During the first 4 weeks of instruction, the professor leads students in a range of experiential and didactic exercises designed to enhance listening skills and build relationships. Students learn the value of developing trust and mutual respect as precursors to community assessment, program planning, and evaluation. Through the use of "dyads"purposeful, timed, 2-person conversationsstudents identify the ways in which speaking is privileged over listening in mainstream culture and practice collaborative learning.60,61 In addition, they pair up to share their opinions about a particular topic before a large-group discussion. In this way, all class members have an opportunity to listen and be heard. One student recalled: "In the beginning, I did not feel comfortable with this style of teaching. I was used to listening to the lecture, reading, and writing. It seems that I was acting like a machine or a computer.
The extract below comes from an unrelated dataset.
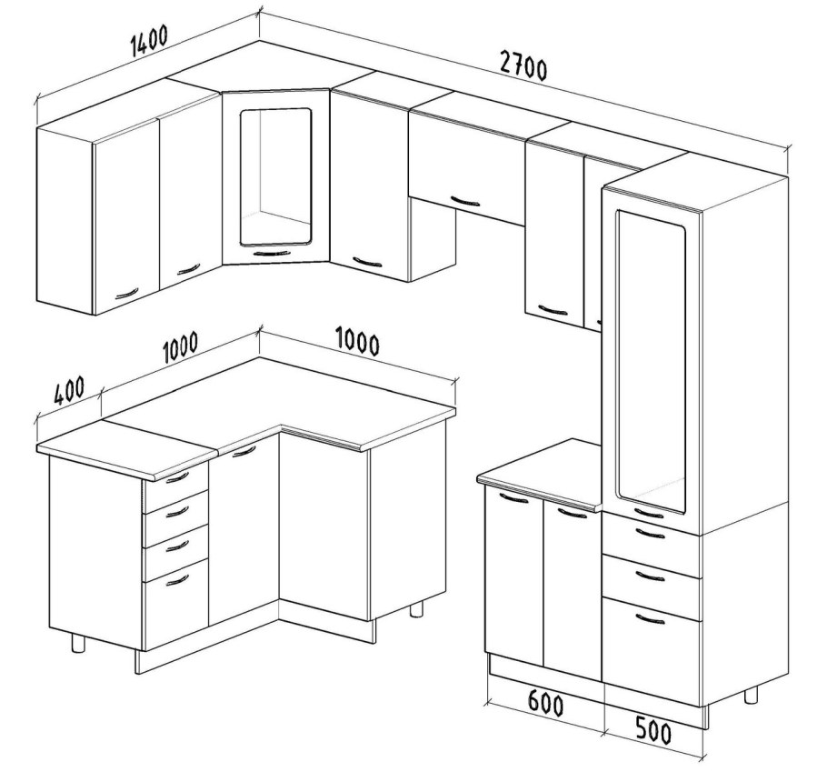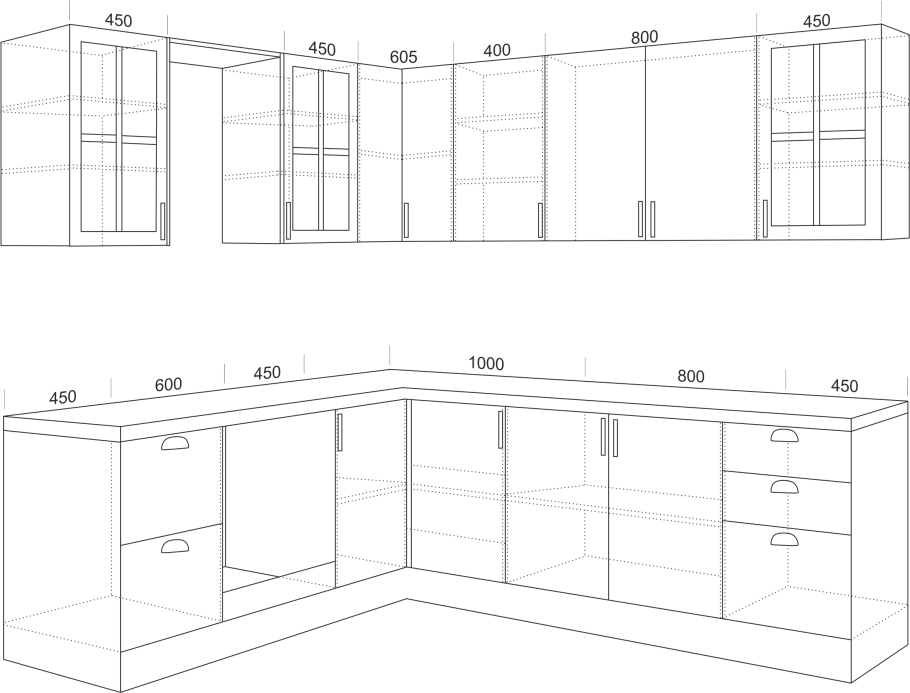Кухонный гарнитур "волна" ваниль глянец/капучино 2200

But now Ive realized my voice and its empowering."
The subsequent 8 weeks are taught collegially between the professor and the students, who "co-teach" sessions on health and social justice, community-based participatory research, issue selection, media advocacy, ethics, social support, and global health. Here principles of challenge and action require students to develop and apply problem-solving and critical thinking skills. Students also study nonviolence as a health promotion practice and learn how to apply a participatory framework for personal and community empowerment. According to one student, "I appreciated the community framework that was woven throughout the entire class. We were learning about community organizing while actually being a community."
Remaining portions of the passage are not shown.